YTSFlix_Go/vendor/github.com/willf/bloom/README.md
2018-11-04 15:58:15 +01:00

70 lines
3.2 KiB
Markdown

Bloom filters
-------------
[![Master Build Status](https://secure.travis-ci.org/willf/bloom.png?branch=master)](https://travis-ci.org/willf/bloom?branch=master)
[![Coverage Status](https://coveralls.io/repos/github/willf/bloom/badge.svg?branch=master)](https://coveralls.io/github/willf/bloom?branch=master)
[![Go Report Card](https://goreportcard.com/badge/github.com/willf/bloom)](https://goreportcard.com/report/github.com/willf/bloom)

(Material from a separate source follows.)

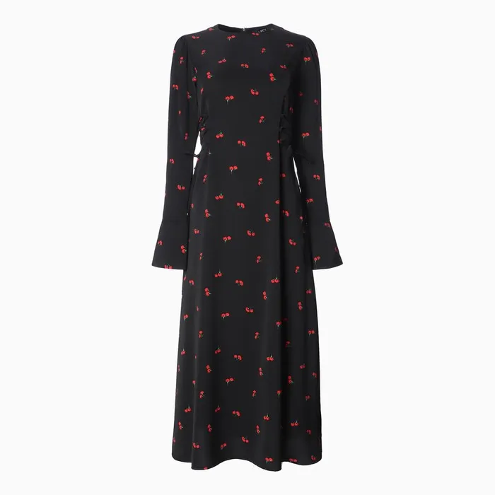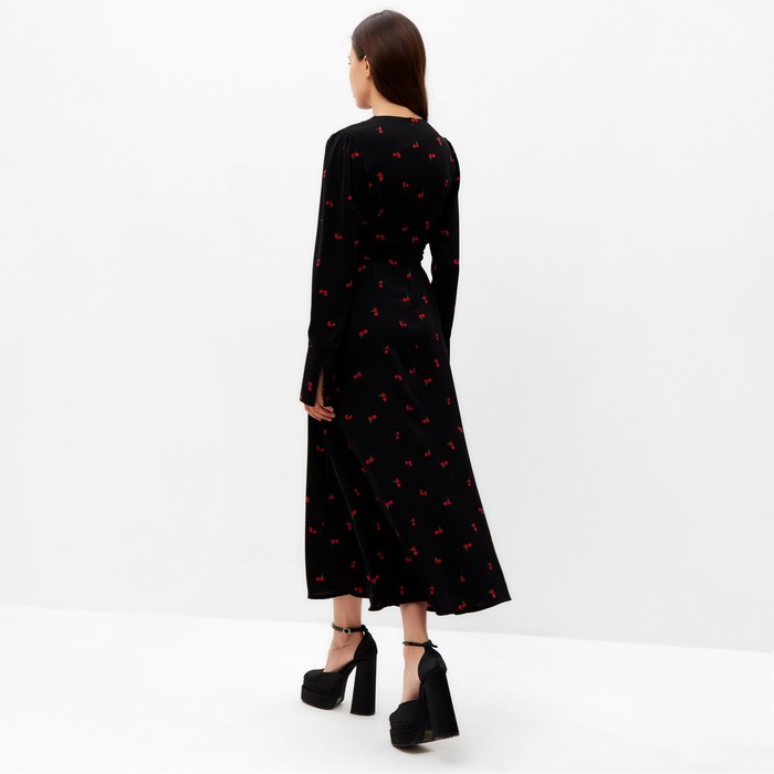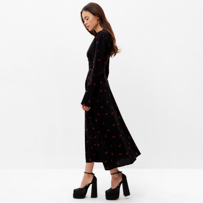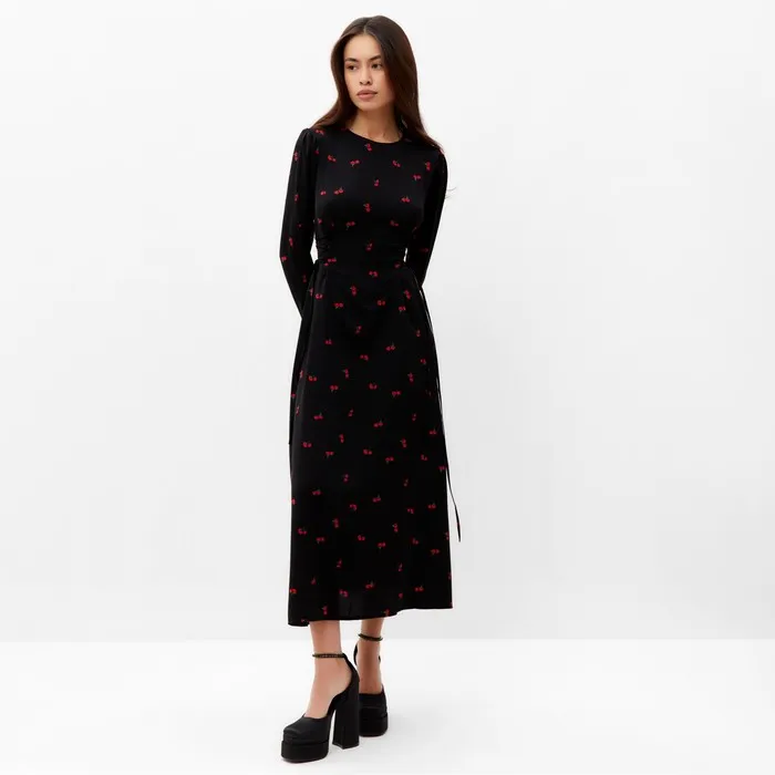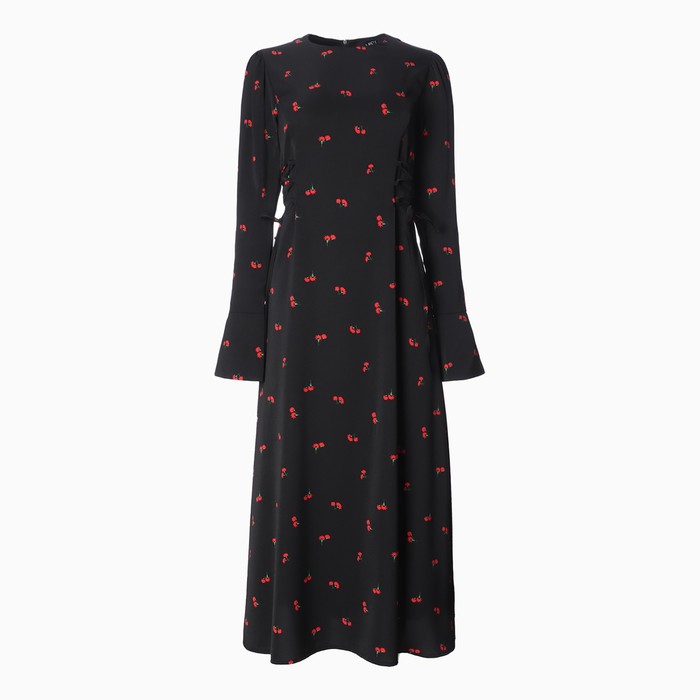 Платье с завязками на талии миди женское MIST Flower, размер 42, чёрное — Характеристики

[![GoDoc](https://godoc.org/github.com/willf/bloom?status.svg)](http://godoc.org/github.com/willf/bloom)
A Bloom filter is a representation of a set of _n_ items, where the main
requirement is to make membership queries; _i.e._, whether an item is a
member of a set.
A Bloom filter has two parameters: _m_, a maximum size (typically a reasonably large multiple of the cardinality of the set to represent) and _k_, the number of hashing functions on elements of the set. (The actual hashing functions are important, too, but this is not a parameter for this implementation). A Bloom filter is backed by a [BitSet](https://github.com/willf/bitset); a key is represented in the filter by setting the bits at each value of the hashing functions (modulo _m_). Set membership is done by _testing_ whether the bits at each value of the hashing functions (again, modulo _m_) are set. If so, the item is in the set. If the item is actually in the set, a Bloom filter will never fail (the true positive rate is 1.0); but it is susceptible to false positives. The art is to choose _k_ and _m_ correctly.

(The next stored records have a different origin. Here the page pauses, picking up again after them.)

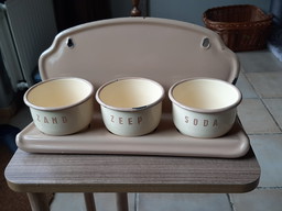 Antico porta sabbia, sapone e bibita in smaltoAntico porta sabbia, sapone e bibita in smalto
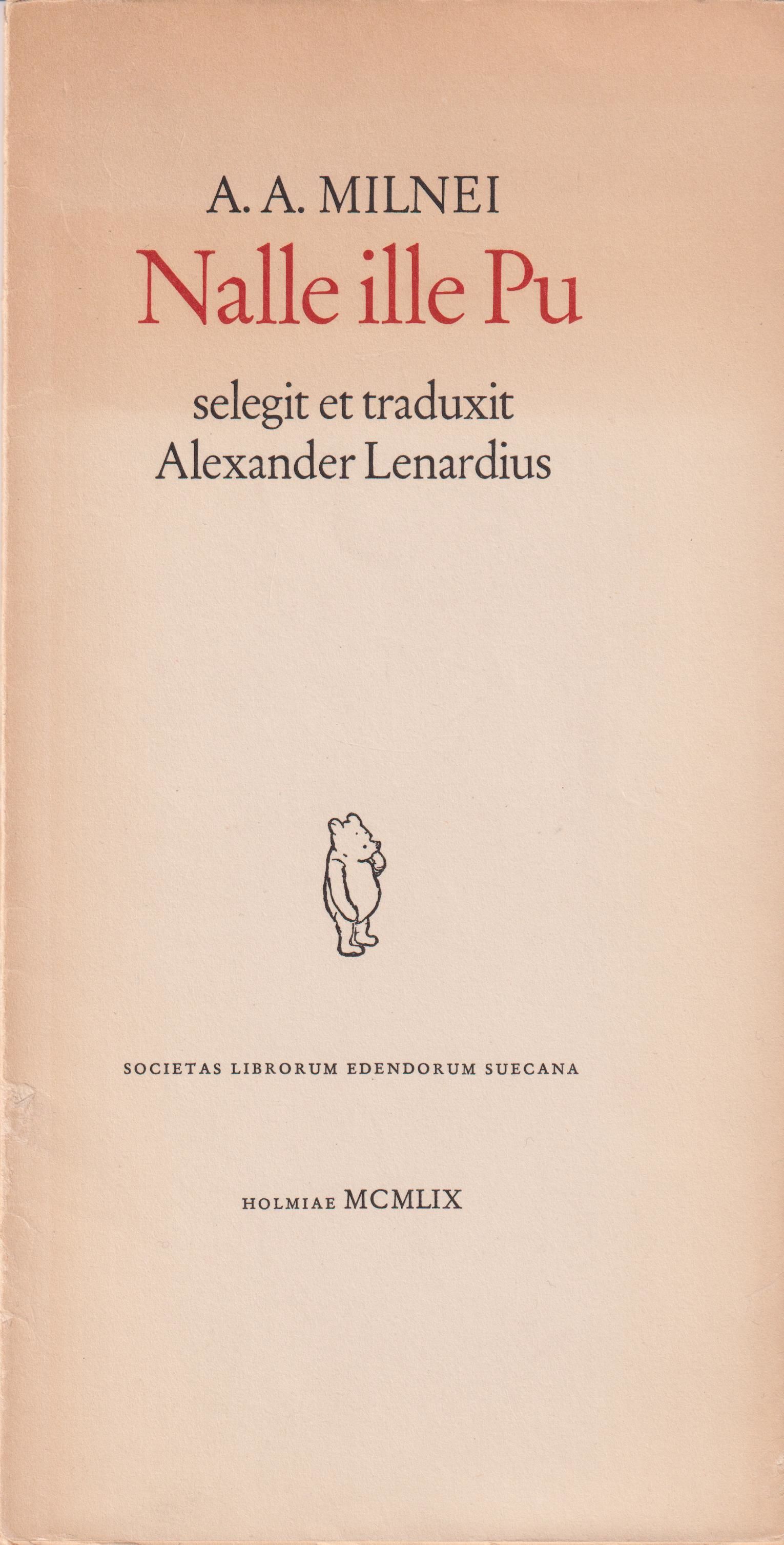 Nalle ille Pu selegit et traduxit Alexander Lenardius [= omslagstitel].
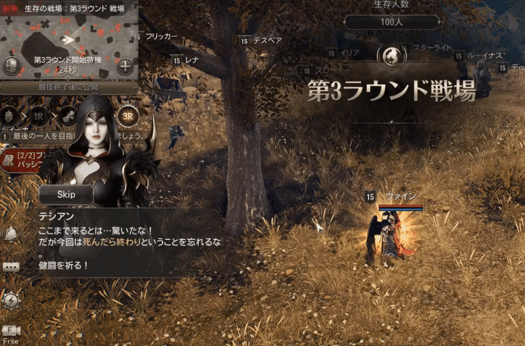 生存の戦場の第3ラウンド戦場の開始時、ここまで導いてくれたテシアンさんがプレイヤーに投げかける言葉の中で「文字色が違う」部分があります。
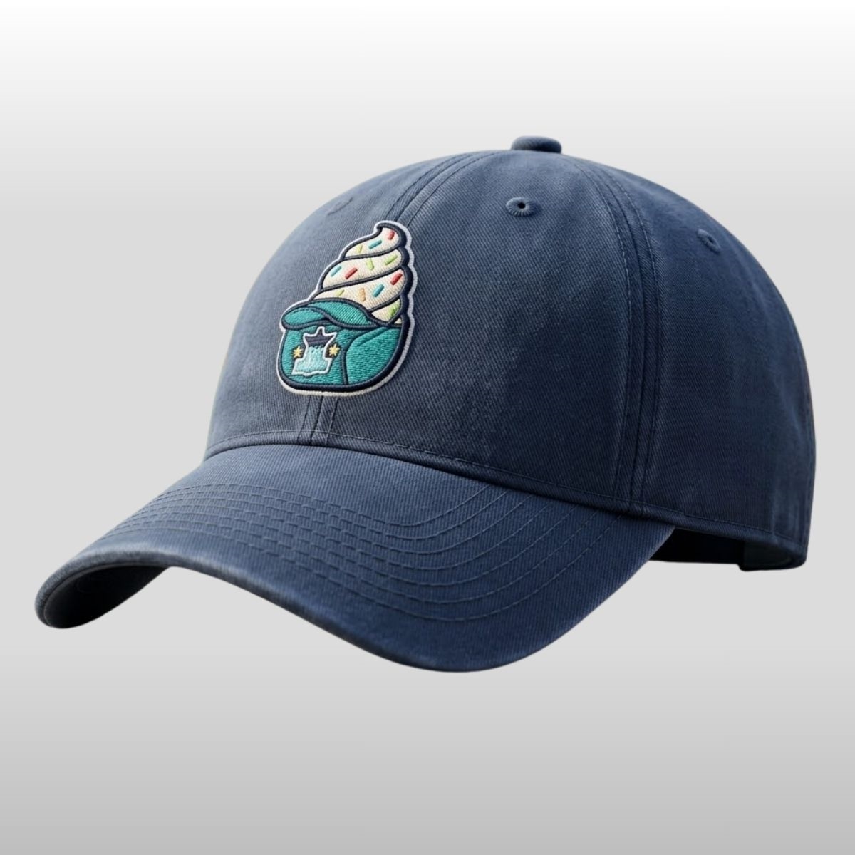 What makes this accessory so appealing is how it bridges the gap between sports enthusiasm and local lifestyle. The designers focused on the sensory experience of a summer afternoon, choosing colors that pop against the deep blue base. The yellow accents represent the bright sunshine of the season, while the sky blue touches provide a refreshing contrast. It’s a piece that invites conversation and highlights a shared local passion without needing a loud or traditional aesthetic. By focusing on the “ice cream” motif, the hat taps into a sense of childhood nostalgia that resonates with fans of all ages, making it a versatile addition to any casual outfit. Whether you are heading to a local creamery or walking through the park, this Philadelphia-inspired sundae cap is the perfect way to show your local pride with a wink and a smile.
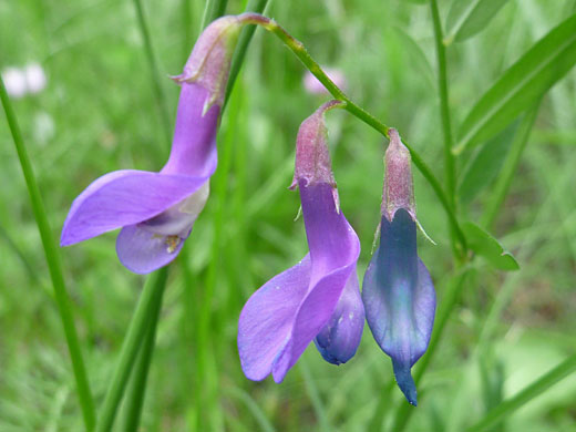 Plants produce several flower clusters, each typically containing between 2 and 9 heads, all of which generally point in the same direction. Flowers are colored pink to bluish purple, and like most pea-like species, have a wide, backwards curving banner petal above the four smaller inner petals. They are a little less than one inch in length. The hairless calyces are green or reddish, extending to five short lobes, of which three are a little longer than the other two.

In this implementation, the hashing functions used is [murmurhash](github.com/spaolacci/murmur3), a non-cryptographic hashing function.
This implementation accepts keys for setting and testing as `[]byte`. Thus, to
add a string item, `"Love"`:
n := uint(1000)
filter := bloom.New(20*n, 5) // load of 20, 5 keys
filter.Add([]byte("Love"))
Similarly, to test if `"Love"` is in bloom:
if filter.Test([]byte("Love"))
For numeric data, I recommend that you look into the encoding/binary library. But, for example, to add a `uint32` to the filter:
i := uint32(100)
n1 := make([]byte, 4)
binary.BigEndian.PutUint32(n1, i)
filter.Add(n1)
Finally, there is a method to estimate the false positive rate of a particular
bloom filter for a set of size _n_:
if filter.EstimateFalsePositiveRate(1000) > 0.001
Given the particular hashing scheme, it's best to be empirical about this. Note
that estimating the FP rate will clear the Bloom filter.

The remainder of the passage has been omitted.